Collected data START

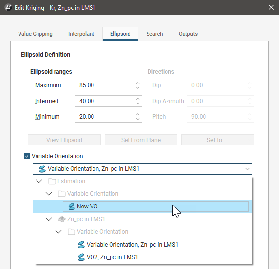 You can create variable orientations in the Estimation > Variable Orientation folder and in a domained estimation’s Variable Orientation folder. See Creating Variable Orientations later in this topic.
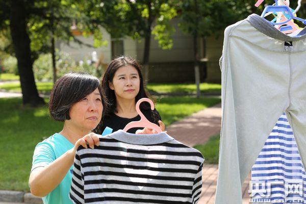 女兒在家時(shí)也會(huì)幫鄭忠燕做一些家務(wù),圖為女兒和鄭忠燕晾曬衣物。唐磊 攝
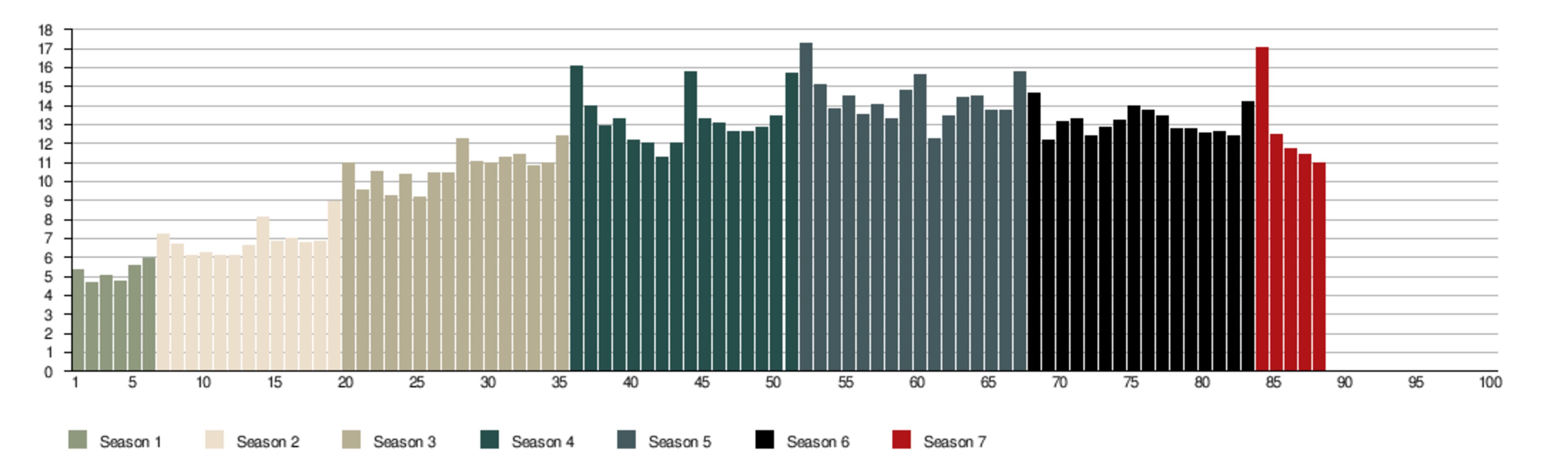 A year ago, the show opened at 14.63 million and was only down 15 percent from episodes one to five. In 2014, the five episode drop-off was 22 percent; during season four, it was 24 percent.
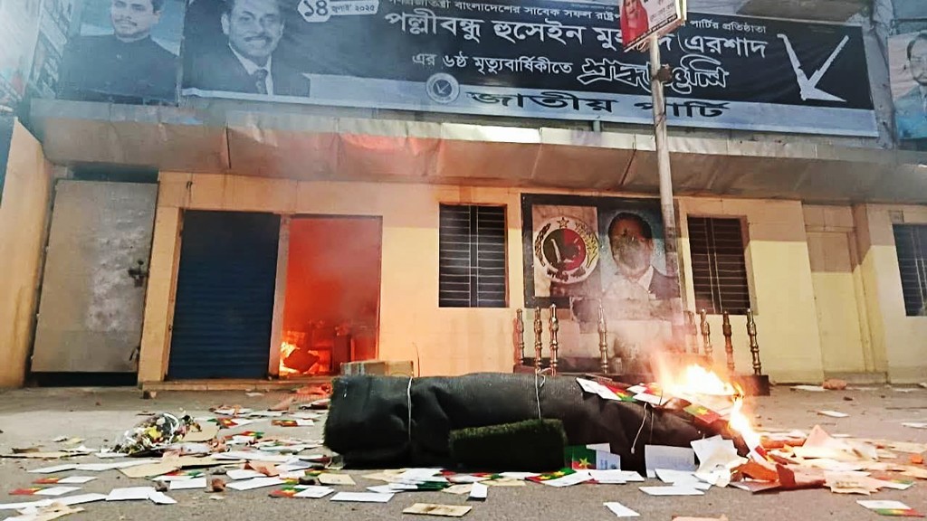 এতে পরিস্থিতি কিছুটা শান্ত হতেই কিছু নেতাকর্মী পেছন দিক থেকে এসে জাতীয় পার্টির কার্যালয়ের সামনে স্লোগান দিয়ে ভাঙচুর ও ইটপাটকেল নিক্ষেপ করতে শুরু করে। সেময় পুলিশ সদস্যরা রমনা থানার দিকে কিছুটা পিছু হটে। এসময় জাতীয় পার্টির কার্যালয়ের নিচে একটি স্টোররুমের গেট ভেঙে অগ্নিসংযোগ করা হয়।

Collected data END

> _Exercise instructions_
The answer is the listing above restated word for word, pictures removed.

> _Written solution_
 You can create variable orientations in the Estimation > Variable Orientation folder and in a domained estimation’s Variable Orientation folder. See Creating Variable Orientations later in this topic.
 女兒在家時(shí)也會(huì)幫鄭忠燕做一些家務(wù),圖為女兒和鄭忠燕晾曬衣物。唐磊 攝
 A year ago, the show opened at 14.63 million and was only down 15 percent from episodes one to five. In 2014, the five episode drop-off was 22 percent; during season four, it was 24 percent.
 এতে পরিস্থিতি কিছুটা শান্ত হতেই কিছু নেতাকর্মী পেছন দিক থেকে এসে জাতীয় পার্টির কার্যালয়ের সামনে স্লোগান দিয়ে ভাঙচুর ও ইটপাটকেল নিক্ষেপ করতে শুরু করে। সেময় পুলিশ সদস্যরা রমনা থানার দিকে কিছুটা পিছু হটে। এসময় জাতীয় পার্টির কার্যালয়ের নিচে একটি স্টোররুমের গেট ভেঙে অগ্নিসংযোগ করা হয়।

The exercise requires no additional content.